ニキビ対策を活用する手法を探る
「不老不死」はかなわぬとしても、「若々しい肌」を長く保つことは可能です。
人のからだはピークをむかえた後、年を重ねるごとに機能が徐々に低下し、衰えていきます。
皮膚もその例外ではなく、しわ、しみ、たるみなどの老化が現れます。
そして皮膚の老化を促進するのが、紫外線や精神ストレスなどの外的・内的ストレスであることは皆さんもなんとなくご存知だと思いますが、そのくわしいメカニズムはわかっていませんでした。
私たちS堂は、その老化を防ぎ、「若さを保つ」研究を、外からではわからない皮膚の内部構造の老化の仕組みを調べることからスタートしました。
すると、皮膚の老化は、しわやたるみが現れていない若い人の皮膚でもゆっくりと進んでいることが明らかになってきました。
これは、お肌の曲がり角といわれる世代である20代後半から30代前半においてすでに起こっており、この変化を「初期老化」とよんでいます。
O・Tにクロンの膜が老化のサインこの初期老化の兆候は肉眼では見えず、ミクロの世界を観察する電子顕微鏡で観察してはじめてわかりました。
初期老化は、「表皮基底膜」とよばれる厚さ0.1ミクロン(1万分の1ミリメートル)の薄いシートに起こっていたのです。
では「表皮基底膜」とは何者かを理解していただくために、簡単に皮膚の構造とその働きについてふれることにしましょう。

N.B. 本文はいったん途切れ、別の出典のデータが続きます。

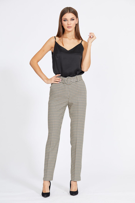 Брюки  выполнены из костюмной ткани с рисунком "гусиная лапка", слегка заужены к низу, в наружных боковых швах выполнены разрезы. Карманы в боковых швах. Застежка спереди на молнию. Пояс широкий со шлевками.  Пояс с обтяжной пряжкой идет в комплекте.

皮膚はおもに、外に直接接している「表皮」とそれを支える「真皮」から構成されています。
表皮は、外界の刺激から守るバリアとして働き、真皮は、皮膚全体の構造と弾力性を維持し、また、表皮への栄養補給も行っています。
そして問題の表皮基底膜は、表皮と真皮の境界部に一層の薄い膜として存在しています。
この繊細な表皮基底膜は、真皮と表皮の働きをコントロールし、皮膚を健康に保つために重要な働きをしています。
そこで、初期老化の兆候がもっとも早く現れる「頬」を調べてみたところ、20代後半から30代前半において、本来一層であるべき表皮基底膜が二層、三層と重なった状態となり、一部に穴が形成されていることがわかりました。
おなかや大腿部など、日ごろ外界に直接接していない皮膚ではこの表皮基底膜ダメージが観察されませんでしたので、紫外線、乾燥などの外的ストレスこそが基底膜ダメージの原因だとわかったのです。